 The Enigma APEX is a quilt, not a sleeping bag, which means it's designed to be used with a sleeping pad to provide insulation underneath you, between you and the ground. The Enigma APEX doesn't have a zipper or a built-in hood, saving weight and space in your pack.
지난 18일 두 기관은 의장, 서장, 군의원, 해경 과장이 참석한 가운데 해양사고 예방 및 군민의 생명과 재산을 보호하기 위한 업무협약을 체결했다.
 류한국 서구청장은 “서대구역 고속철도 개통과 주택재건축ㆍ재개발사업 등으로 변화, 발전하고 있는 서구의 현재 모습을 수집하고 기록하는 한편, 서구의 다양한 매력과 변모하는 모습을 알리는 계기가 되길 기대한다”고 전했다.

--

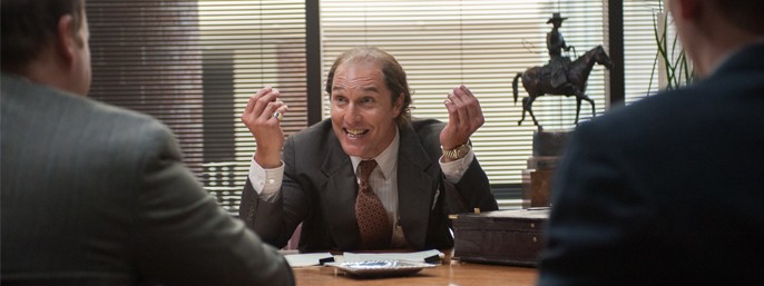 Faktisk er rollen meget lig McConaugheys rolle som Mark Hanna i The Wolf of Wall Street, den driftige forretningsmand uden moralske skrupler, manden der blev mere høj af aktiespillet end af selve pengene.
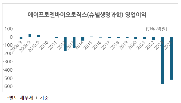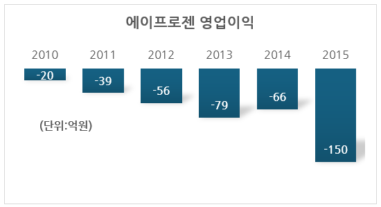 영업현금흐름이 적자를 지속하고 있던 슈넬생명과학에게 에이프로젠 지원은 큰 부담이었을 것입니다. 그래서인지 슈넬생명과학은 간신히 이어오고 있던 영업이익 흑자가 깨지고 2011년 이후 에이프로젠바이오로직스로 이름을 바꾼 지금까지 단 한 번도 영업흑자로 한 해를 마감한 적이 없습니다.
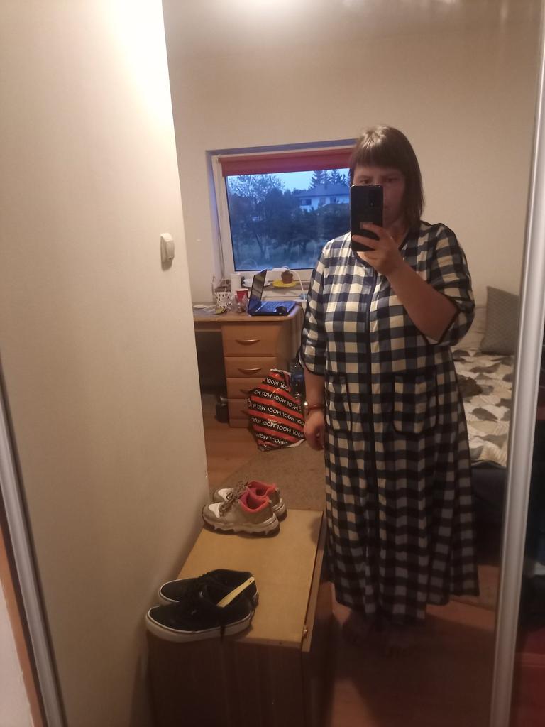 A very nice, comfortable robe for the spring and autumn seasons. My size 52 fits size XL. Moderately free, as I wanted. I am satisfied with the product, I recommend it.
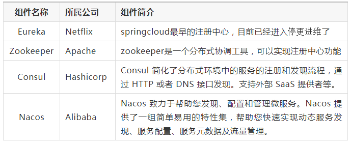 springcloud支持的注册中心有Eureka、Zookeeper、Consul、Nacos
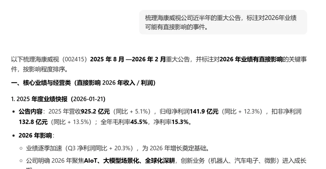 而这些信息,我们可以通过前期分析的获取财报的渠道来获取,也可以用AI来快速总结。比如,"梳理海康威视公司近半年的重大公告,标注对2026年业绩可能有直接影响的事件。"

Instructions for the task: If a picture sits between the line containing "A very nice, comfortable" and the line containing "而这些信息,我们可以通过前期", leave it out, and return the lines of that range above exactly, both ends included.

Finished exercise:
 A very nice, comfortable robe for the spring and autumn seasons. My size 52 fits size XL. Moderately free, as I wanted. I am satisfied with the product, I recommend it.
 springcloud支持的注册中心有Eureka、Zookeeper、Consul、Nacos
 而这些信息,我们可以通过前期分析的获取财报的渠道来获取,也可以用AI来快速总结。比如,"梳理海康威视公司近半年的重大公告,标注对2026年业绩可能有直接影响的事件。"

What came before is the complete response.